Growing up in Flanders, I attended a traditional boarding school throughout the equivalent of Junior High and High School. In the evenings, after completing our schoolwork, we gathered in a recreation room reserved for our grade. The room had one TV set, but viewing was strictly limited—certainly no chance to binge-watch anything. Instead, our binge behaviors manifested differently. We would obsessively play billiards every evening for weeks until group dynamics abruptly shifted us to Fussball, ping pong, or various card games, each obsession lasting days or even weeks.
The room also held stacks of current and older issues of Flemish equivalents to magazines like Popular Science and Popular Mechanics. Those pages were windows into another world—bright visions of the future filled with moon bases, Mars missions, supersonic travel, and gleaming technology. Reading these magazines sparked my imagination, convincing me that such a future was imminent. Looking back, maybe this type of immersive reading was also a form of bingeing—though no one ever called it that.
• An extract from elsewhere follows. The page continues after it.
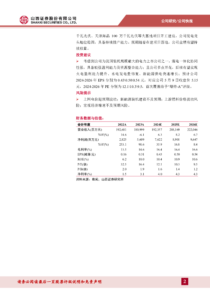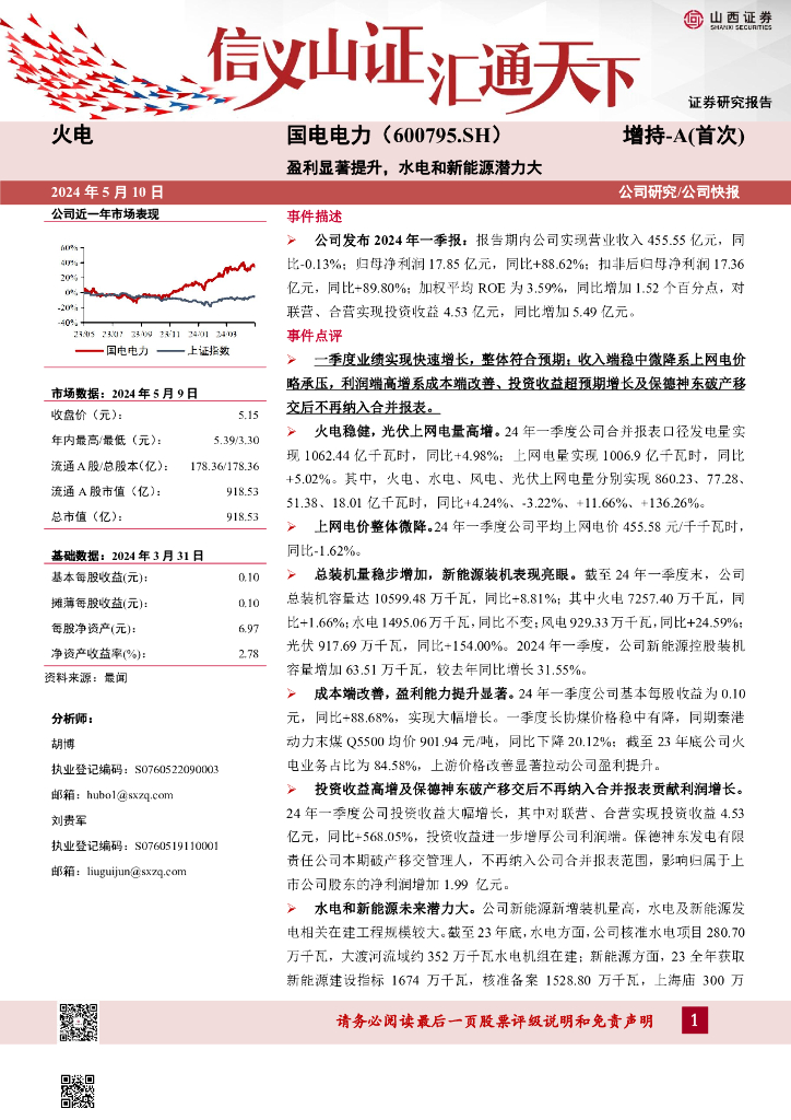 山西证券:国电电力(600795)-盈利显著提升,水电和新能源潜力大.pdf

Lately, I've been binge-watching the TV series For All Mankind. Yesterday, one particular scene featured technology that transported me right back to that recreation room and those magazines. Suddenly, I realized why this show resonates so deeply: it triggers nostalgia for a future that never arrived—a future I genuinely yearned for. Back then, Concorde was still flying, and faster, more luxurious air travel felt inevitable. Space exploration seemed easily within reach. Yet somehow, that ambitious vision slipped through our fingers.
Reflecting on this made me think about George Gerbner's cultivation theory—the idea that repeated exposure to certain narratives shapes our perception of the world. Perhaps my immersion in magazines like Popular Science and Popular Mechanics cultivated more than curiosity; it shaped real expectations about the future. For All Mankind hits home so powerfully because it seems to map out all those expectations I dreamed of.
Those magazines didn't just entertain me; they constructed an imagined future so vivid that its absence now feels like loss. Strangely, my nostalgia isn't for the past itself but for an idealized vision that never materialized. I ache not for what we lost, but for what we never quite achieved.